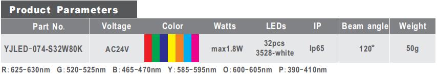 • 发光颜色(色温): 软白,,,,,正白,,,,,冷白,,,,,红,,,,,绿,,,,,蓝,,,,,黄
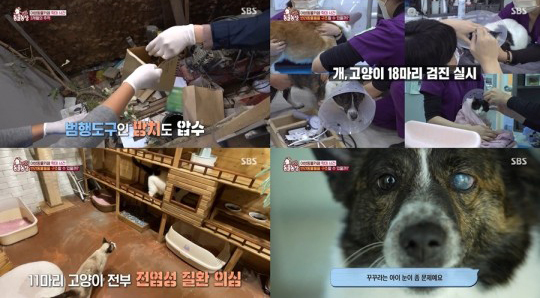 병원 검진 결과는 11마리 고양이 모두 전염성 질환이 의심되고, 개들은 초고도 비만 및 양육상태 부실이라는 결과가 나왔다.
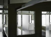 Different layers of frosted glass and light ocher wall parts were pieced together into a complete rectangular wall with the same materials in order to maintain the integrity, at the same time to obstruct southerly sunshine. With central rotating mirror door and mirrored stainless steels frame, the space can reflect lights and lines of sights from different angles, and also improved natural light for deeper parts of the office. In all, it brought experimental characteristic stimulants into the former solidified space and enhanced brightness for the environment. This space tried to encourage the users to a state of mild discomfort, by allowing any vivid activities at any time, to gain an emotional tension to feel and experience inner prosperity.
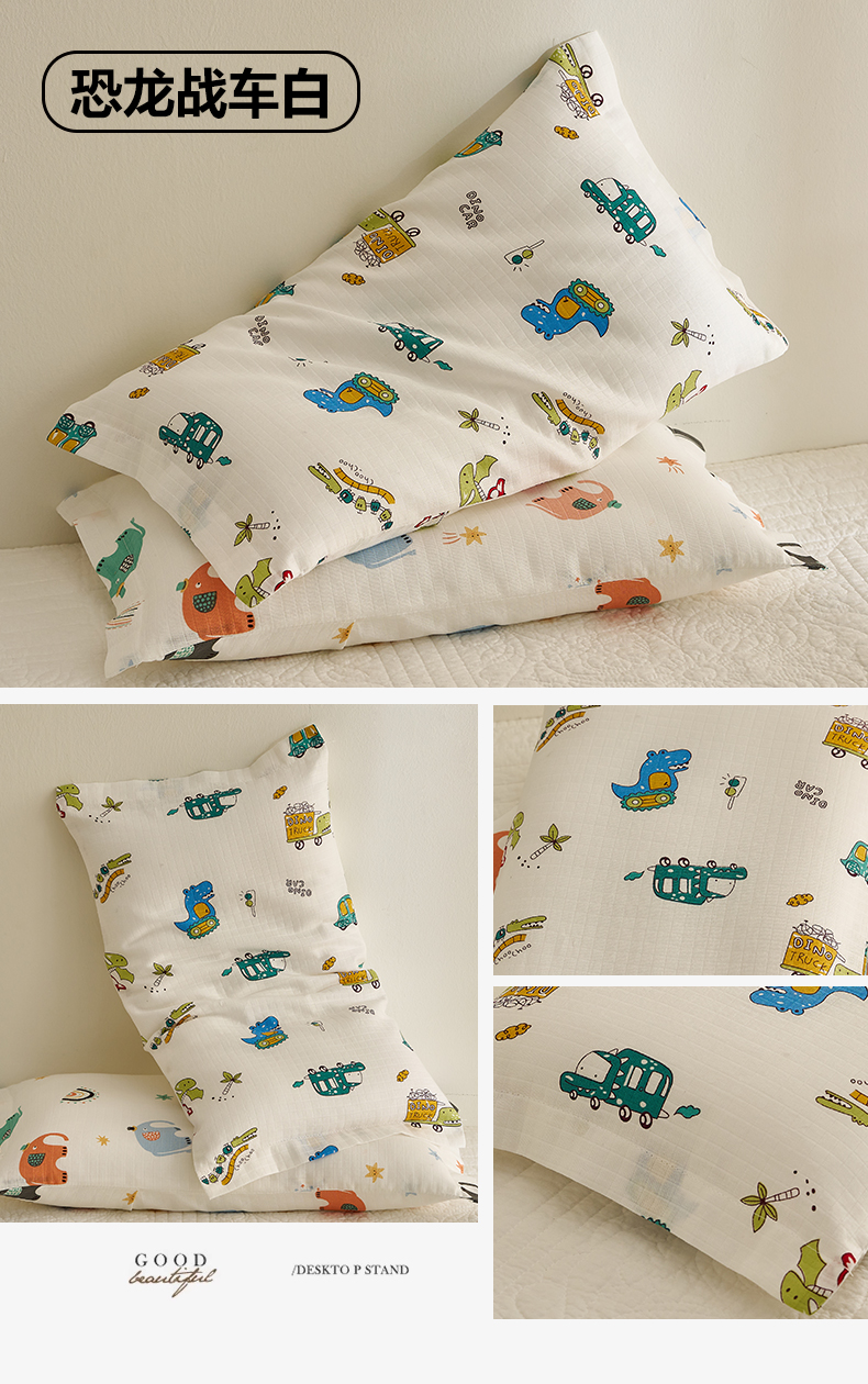 商品名称:乐可 2025新款双层纱儿童定型枕套 TC2恐龙战车白

** Assigned task **
The lines wanted run from the first one in the material above through the line containing "병원 검진 결과는 11마리"; give them again exactly, leaving out the pictures.

** Response area **
 • 发光颜色(色温): 软白,,,,,正白,,,,,冷白,,,,,红,,,,,绿,,,,,蓝,,,,,黄
 병원 검진 결과는 11마리 고양이 모두 전염성 질환이 의심되고, 개들은 초고도 비만 및 양육상태 부실이라는 결과가 나왔다.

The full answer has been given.